Six Statistics Carolinians Should Know | Eastern North Carolina Now

    Publisher's note: This article appeared on John Hood's daily column in the Carolina Journal, which, because of Author / Publisher Hood, is linked to the John Locke Foundation.

    Since 2010, when voters put Republicans in charge of most state governments across the United States, North Carolina became one of about a half-dozen states where conservative reformers have frequently - and sometimes spectacularly - faced off with progressives in ways that have attracted significant national attention.

    In 2011, the new GOP-majority General Assembly defeated then-Gov. Bev Perdue's attempt to re-impose a massive sales-tax increase. Two years later, Republican lawmakers and then-Gov. Pat McCrory initiated a multi-year process of reducing and reforming North Carolina's tax and regulatory burdens.

    At the same time, North Carolina leaders began changing the way the state budgeted its dollars, funded its roads, delivered education, and administered public assistance. Most conservatives here and around the country cheered. Progressives fought, fumed, and forecast doom.

    There isn't enough space here to adjudicate all the resulting policy disputes. But I can give readers a peek at how North Carolina conservatives tend to evaluate our policies. Specifically, here are six key statistics we've been watching, and why:

  • Rainy-day Reserves: No matter what side of the political spectrum you're on, you should want state politicians to budget against worse-case scenarios, rather than count on rosy scenarios. Both meteorological and fiscal storms are inevitable. According to the latest Pew Research Center study, North Carolina has a full month's worth of state spending saved in our rainy-day account, ranking us 14th-best in the nation.
  • Highway Cost-Effectiveness: While progressives seem to equate the value of government programs with how much taxpayers are forced to spend on them, conservatives place a higher priority on getting the biggest bang for the buck. They know that empirical research doesn't show any consistent link between state expenditures and economic progress, but the latter is often associated with higher levels of service quality or outcomes.

    So, for example, we want North Carolina to have good-quality roads and bridges, not necessarily to spend the most tax money on transportation. According to the Reason Foundation's latest state-by-state comparison, North Carolina ranks 14th in the cost-effectiveness of our highway system. Thanks in part to policy reforms, we best the national average in both rural pavement condition and urban congestion.

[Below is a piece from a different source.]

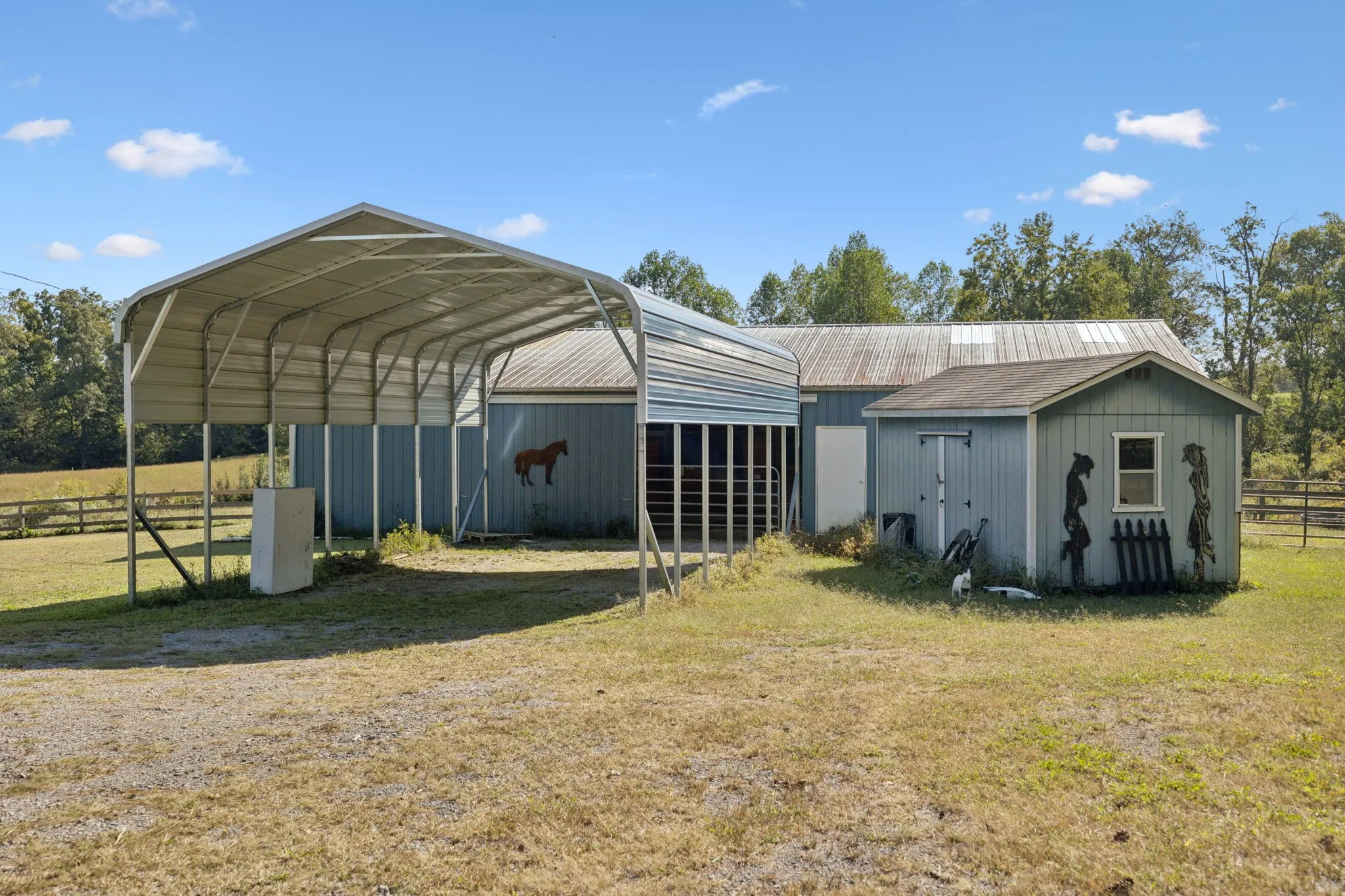 +"PublicRemarks": "Bring your horses and enjoy country living on this 15.73 acre property complete with two barns, fenced pasture, and plenty of room to spread out. The main barn offers 8 stalls, a tack room, hay storage, and full water/electric, while the smaller barn features 4 stalls with water and electric as well. A horse run-in and cross fencing make this property ready for your livestock. The 3 bedroom, 2 bath home includes an office with a private entry and ramp, LVP flooring in the living room, laminate throughout the rest of the home, and updated systems for peace of mind. Recent improvements include a tin roof (2023), HVAC (approx. 2023), new sewer and field lines (2024), and structural reinforcement with flooring by TFS (2018). Other features include a 1-car garage, security cameras, and charming country touches.This property blends comfortable living with fully equipped equestrian facilities—perfect for anyone seeking a hobby farm or working horse setup."

  • Education Cost-Effectiveness: I wish there was a similar set of rigorous, annually updated national comparisons on school spending and outcomes. According to a U.S. Chamber of Commerce study published in 2014, however, North Carolina ranked 8th in the nation when it came to the ratio between student performance on independent tests and per-pupil expenditures.
  • Tax Competitiveness: North Carolina's tax reforms have yet to be fully implemented, but their effects are already evident. According to the Tax Foundation's State Business Tax Climate Index, North Carolina currently ranks 11th, up from 41st before tax reform began in 2013. Conservatives follow this statistic because, unlike state spending, state taxes do exhibit a statistically significant (and negative) relationship with economic growth.
  • Economic Growth: Since 2012, the price-adjusted annual rate of growth in North Carolina's gross domestic product has averaged 2.5 percent, according to the U.S. Bureau of Economic Analysis. That's the 13th-fastest growth rate in the nation. Some of our regional competitors have outpaced us here, at least so far, but keep in mind that they have usually been governed by conservatives longer than we have.
  • Labor Market Improvement: When it comes to unemployment, most people tend to look at the "headline" rate - which is 4.5 percent in North Carolina at the moment. That measure leaves some important people out, however: discouraged workers who've given up looking for jobs; marginally attached workers who are currently moving, getting retrained, or tending to family emergencies; and part-time workers who'd rather have a full-time position but can find one.

    If you count them all, North Carolina's "U-6 unemployment" rate is 8.2 percent, down from 16.3 percent in 2012. That's the biggest improvement in a state labor market in the South, and the 6th-biggest in the nation.

    Conservatives recognize that North Carolina continues to face many challenges. But we see progress, and celebrate it. Now you know why.